Soldiers only came down here for two reasons, extermination, or conscription. Bokep’s parent, in partucular his father, gathered themselves and hurriedly tried to get on what clothing they could that would allow them to survive the elements and headed for the door. As they threw open the rusted iron slab, Bokep looked down the hall once again and saw the soldiers approaching.
“Hey you! Put your hands up and get out of the apartment.”, the leading soldier said pointing his rifle at Bokep, its laser-sight squarely center mass.
“Woah, woah, woah, okay.”, Bokep replied putting his hands up and walking into the narrow hallway, the smell of blood and gunpowder was strong. Given the fact he was still alive, Bokep reasoned this was a conscription unit.
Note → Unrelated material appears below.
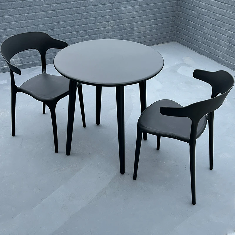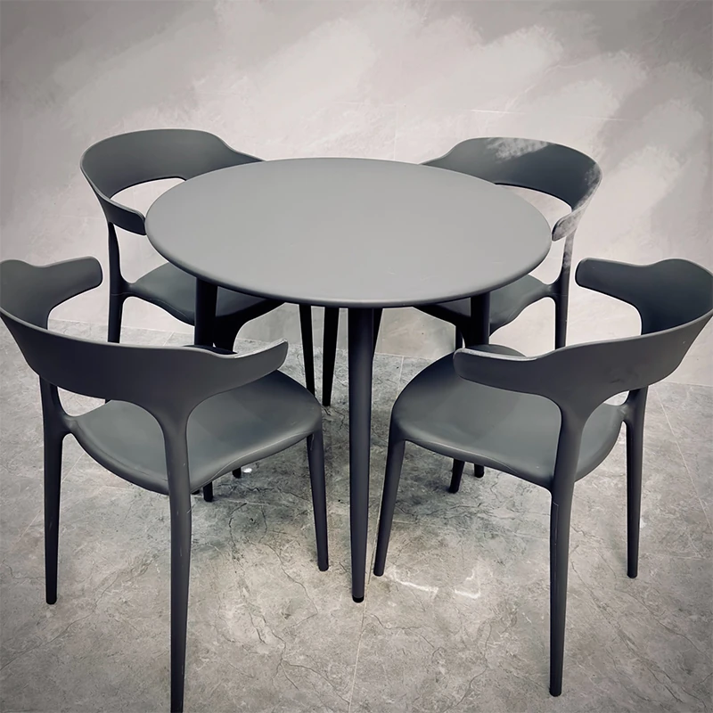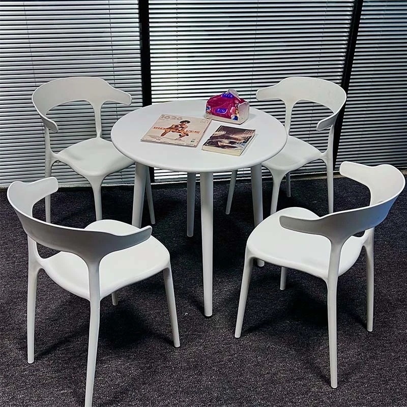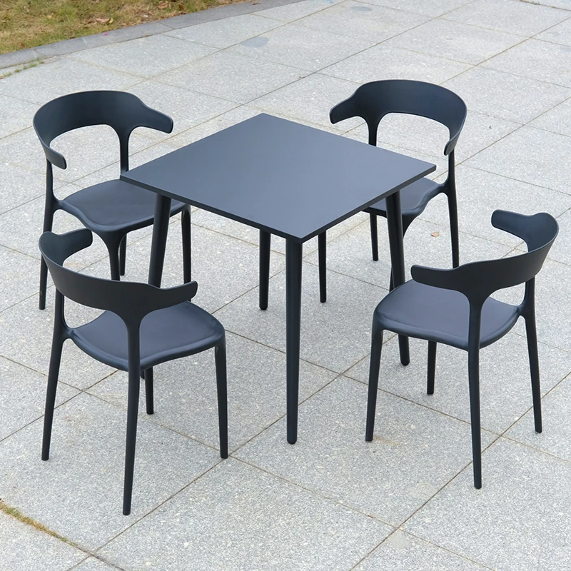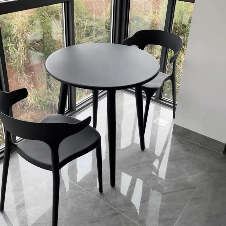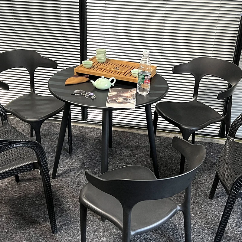 Outdoor Plastic Milk Tea Shop Table and Chair Set - Trendy Small Round Table for Commercial Use, Perfect for Casual Meetings with One Table and Four Chairs
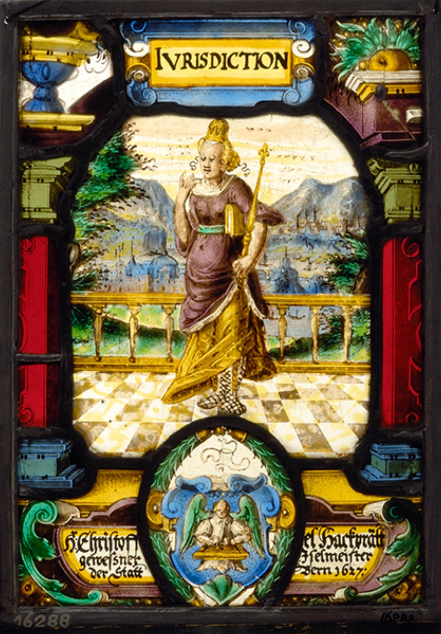 Die Jurisdiktion (Gerichtsbarkeit) verkörpert eine gekrönte Frauengestalt in violettem Ober- und langem gelbem Untergewand. Vor einer Balustrade auf Fliesenboden stehend, hält sie in ihrer linken Hand einen lilienbekrönten Gerichtsstab und unter dem Arm das geschlossene Gesetzbuch. Die architektonische Umrahmung bildet eine Arkade aus roten Pfeilern mit blauen Sockeln und grünen Kapitellen sowie einem violetten Flachbogen, dessen Scheitel eine blaue Rollwerkkartusche mit der Bezeichnung der Allegorie ziert. Am Scheibenfuss befindet sich vor dem Podium die Rolwerkkartusche mit dem Stifternamen und das Wappen Christoph Hackbretts in einem ovalen Lorbeerkranz.

“Are you alone?”, the soldier barked.
“I-no… I’m with my family, mother and father, neither military-aged.”, Bokep said, trying to prevent whatever other reasoning or mission the men from hurting his parents.
His parent tried to plead with the soldiers to not take him, but automatic weapons made resistance futile. Bokep was quickly hand-cuffed and pushed into a BTR alongside several other newly conscripted recruits. Some men, others women; about a 50-50 split. Most of them were his own age, likely early twenties at the oldest. The youngest he saw was maybe fifteen. There were two soldiers in the back with them. They appeared to be older, likely home-guard who either didn’t make the cut for frontline service, or were being rotated back for reinforcement… how lucky; now instead of killing Europans, they got to kill their own. It didn’t matter if they, or the enemy fired the bullet, conscription meant death. Even if you were told it was only for a year or two, most rarely survived their first operation, at least in the infantry.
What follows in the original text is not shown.